# Welcome to a New Forum



## Chuck (Oct 27, 2003)

Just for you hunters, fishermen and trappers out there. This is the place to post your questions, your conquests and your trophies. Let's get a good bit of tall tales thrown in for good measure.


----------



## Guest (Sep 1, 2006)

Very cool!!


----------



## AngieM2 (May 10, 2002)

Great goings Chuck - I know you've just made several people happy.

Angie


----------



## countrymech (Nov 28, 2005)

Good show! Now I just need to find my wife that part-time husband so I can get out for elk season, LOL. This might even be a good spot to share our camping adventures??


----------



## mulliganbush (Apr 3, 2005)

Yaaaahhhhh!


----------



## Bwana (Jul 9, 2006)

Tall tales, comin' up!  

Dave


----------



## cowgirlone (May 9, 2002)

Thanks for the new forum Chuck!


----------



## MELOC (Sep 26, 2005)

thanks chuck and all of you. i am sure this will be a busy place.


----------



## posifour11 (Feb 27, 2003)

thanks, Chuck!!


----------



## MaineFarmMom (Dec 29, 2002)

Thank you!


----------



## bob clark (Nov 3, 2005)

thanks Chuck , you are the man


----------



## Jaclynne (May 14, 2002)

Thanks Chuck!


----------



## Paul72 (Mar 13, 2005)

Thanks- Chuck!!!!!!!!!!!


----------



## Muskrat (Sep 4, 2005)

Great going!

Now, we just have to make sure the forum doesn't languish as some others have.


----------



## Lairvine (Feb 27, 2005)

Thank you very much. and everyone post pics of them big bucks when you get 'em :dance:


----------



## Kevin and Laura (Jun 23, 2002)

I mostly come to read (listen) to other folks conversations but I will likely take part in a hunting discussion or two. It's an excellent addition to the website.





Kevin


----------



## Guest (Sep 2, 2006)

Yes, thank you Chuck for adding this new forum.

And a big THANK YOU to ANGIE for helping to get this forum started. She new where to pull the strings and what buttons to push. And we will keep visiting her SELF RELIANCE forum so we can be better prepared. 

Thank you, thank you, thank you, Chuck and Angie.

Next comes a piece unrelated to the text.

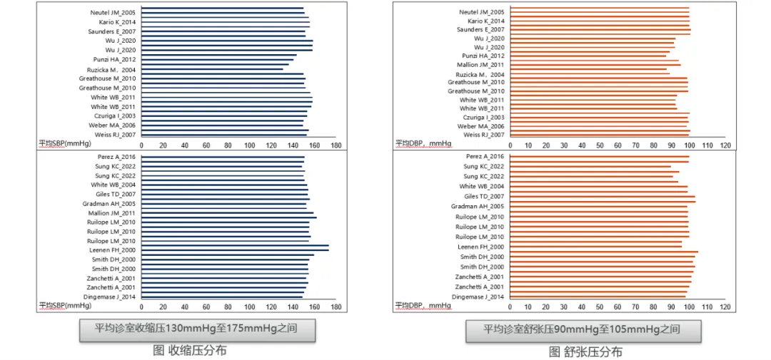 該研究是一項系統(tǒng)性文獻綜述和網(wǎng)狀薈萃分析,涵蓋了2000年1月至2023年12月間發(fā)表的文獻,對比了美阿沙坦鉀(azilsartan medoxomil,簡稱AZL-M)與其他常用一線降壓藥物(ARB、ACEI、ARNI、β-受體阻滯劑、鈣通道阻滯劑)在輕至中度高血壓患者中的降壓療效。評估篩選標準包括輕至中度高血壓患者、隨機對照試驗(RCT)等,最終納入21項RCT研究,其中大多數(shù)研究將安慰劑作為對照,部分研究(9 項)將降壓藥同時作為干預和對照,研究報告的基線平均診室血壓如下:

Rh. in Oklahoma (the great deerslayer wannabe)


----------



## jnap31 (Sep 16, 2005)

YiPPEEE I cant wait to post my true stories here, thanks for the new forum Chuck


----------



## Bearfootfarm (Jul 13, 2006)

Thanks for the new forum. I predict it will be a much used one!


----------



## bgak47 (Sep 4, 2003)

Thanks Chuck & Angie! Its opening season on doves here & I intend to shoot some.Any recipes?


----------



## Trapper (Jun 2, 2006)

I now have a new home. Look forward to hearing, seeing and sharing all the tall tales (real or not) of the outdoors. Trapper :hobbyhors


----------



## huntress4203 (Feb 21, 2006)

Thanks so much Chuck. I used to come to homesteading today ALOT more than I have lately and now I have a reason to be here again.

Glo


----------



## whiterock (Mar 26, 2003)

Thanks, I LIKE it.
Ed


----------